Tech • IA • Crypto
China has blocked Meta’s $2 billion acquisition of AI firm Manus, signaling a major geopolitical escalation in control over strategic artificial intelligence technologies.
On April 27, China’s National Development and Reform Commission (NDRC) ordered the reversal of Meta’s acquisition of Manus, despite the deal already being finalized. The transaction, worth around $2 billion, included team integration, data transfer, and operational consolidation. Authorities demanded a full rollback, including funds, intellectual property, and personnel.
The decision relies on China’s foreign investment security mechanism, introduced in 2021 but rarely enforced until now. Officials argued the deal involved sensitive technologies and improperly transferred strategic assets abroad without approval, marking an aggressive expansion of regulatory reach.
Manus is not a traditional language model but an agentic orchestration platform, capable of autonomously coordinating multi-step AI tasks across systems. The company reportedly reached $100 million in monthly revenue within eight months, making it a high-value strategic asset in the rapidly growing field of AI agents.
Chinese authorities cited unauthorized export of training data and behavioral data from Chinese users as a core issue. They argue these datasets underpin Manus’s capabilities and cannot legally be transferred to foreign entities, especially major U.S. tech firms like Meta.

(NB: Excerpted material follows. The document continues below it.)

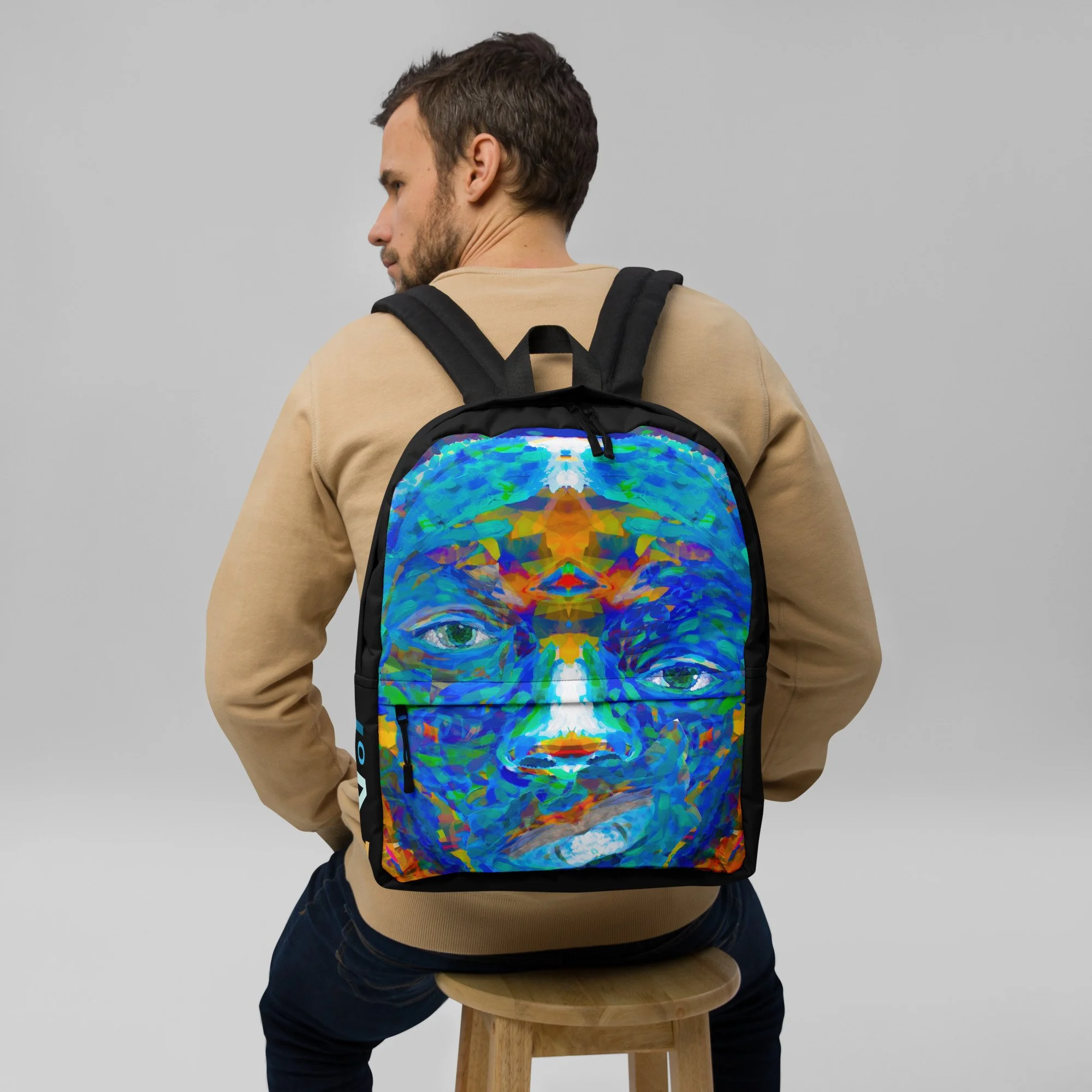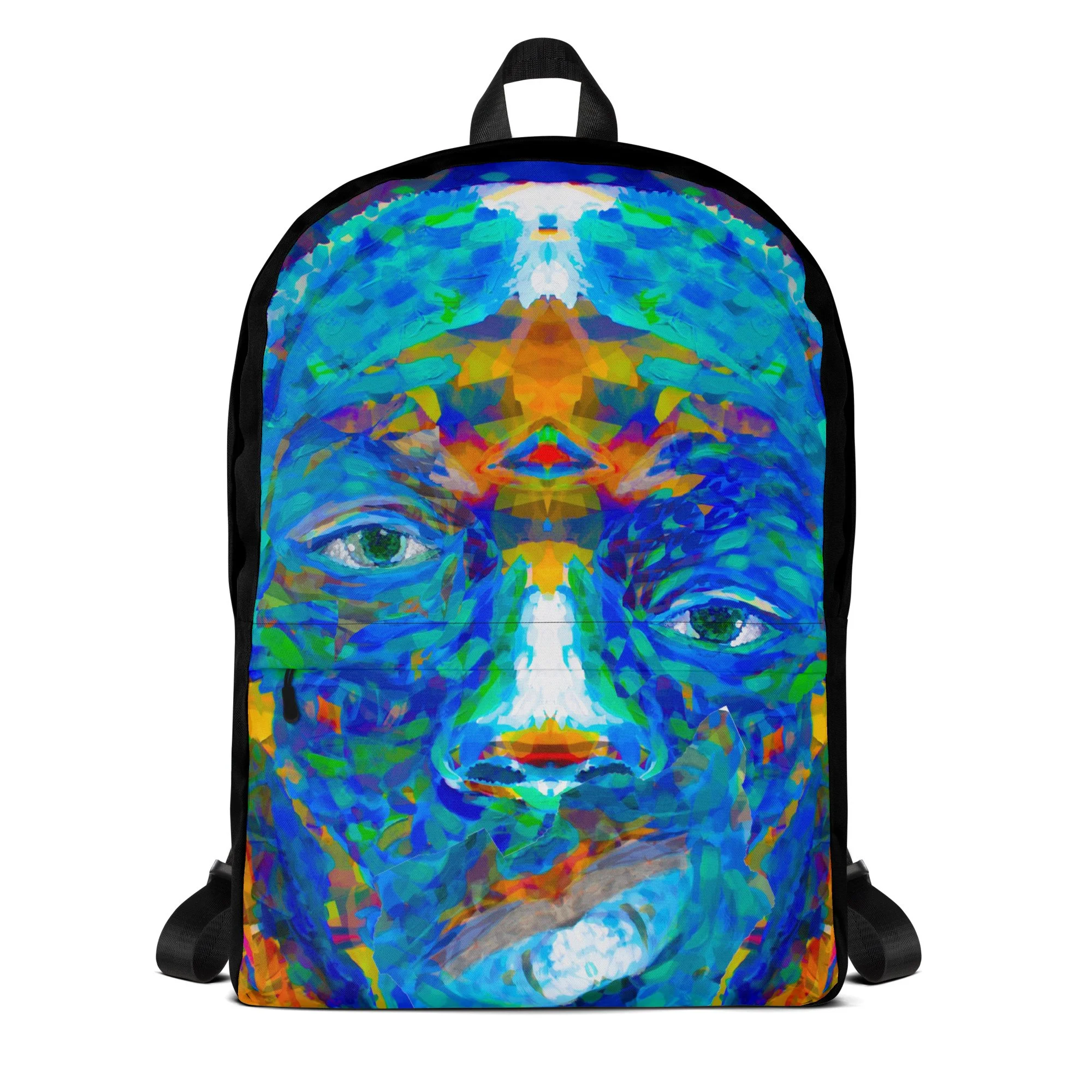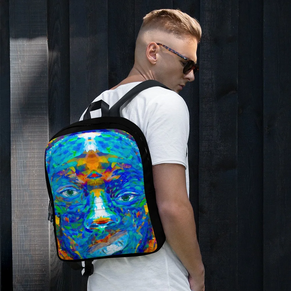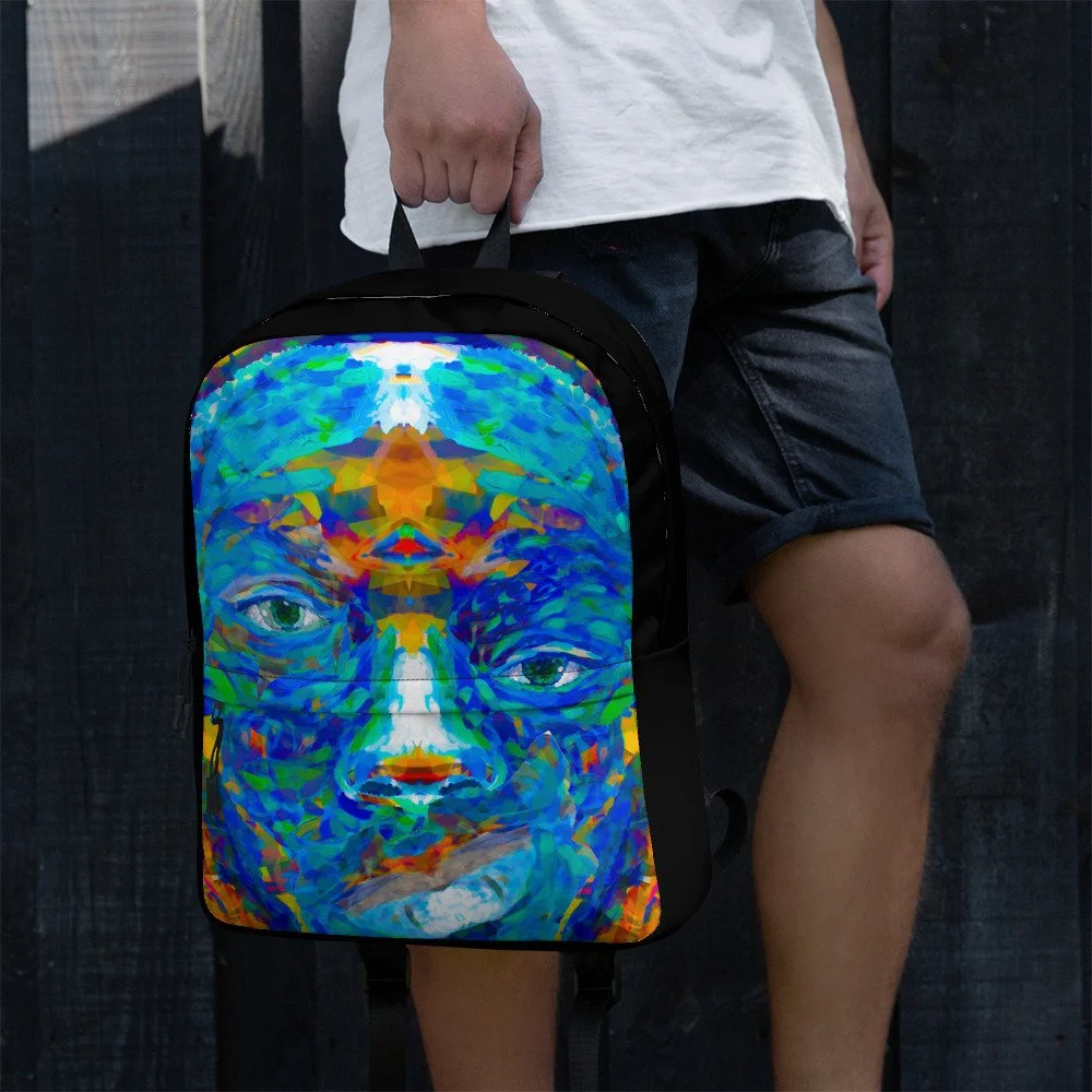 The art on the Repaired Pieces backpack comes from one of the most powerful pieces in the Jonah Artfolio collection — a face built from layered, textured, visible pieces that only resolve into something extraordinary when you step back and take in the whole. Nothing hidden. Nothing smoothed over. Every crack right there in the open.

Meta has contested the decision, stating it complied with international regulations. However, China has enforced compliance by summoning Manus’s founders—who have not been allowed to leave the country—and demanding immediate reversal. The dispute is expected to surface in upcoming high-level talks between Xi Jinping and Donald Trump.
The move suggests China is willing to assert control not only over domestic companies but also over foreign acquisitions involving Chinese-origin technology. This could reshape global AI investment flows and accelerate a technological decoupling between China and the United States.
Meanwhile, French company Mistral AI has launched Mistral Workflows, a platform designed for large-scale enterprise AI automation. Targeting firms like CMA CGM, La Banque Postale, and France Travail, it focuses on reliability, monitoring, and orchestration of complex AI processes across organizations.
In parallel developments, OpenAI has expanded beyond its historical reliance on Microsoft, making its models available on Amazon Web Services (AWS). This marks a broader shift toward multicloud AI ecosystems, increasing competition and accessibility across providers.
Industry signals indicate OpenAI, in collaboration with former Apple designer Jony Ive, is developing a new AI-centric hardware device. Early reports suggest a custom chip designed by Qualcomm and MediaTek, with potential commercialization by 2028, aiming to replace traditional app-based smartphones with fully agent-driven interfaces.
The forced reversal of Meta’s Manus acquisition highlights how artificial intelligence has become a central axis of geopolitical power, with nations increasingly asserting control over data, talent, and technology in a rapidly fragmenting global landscape.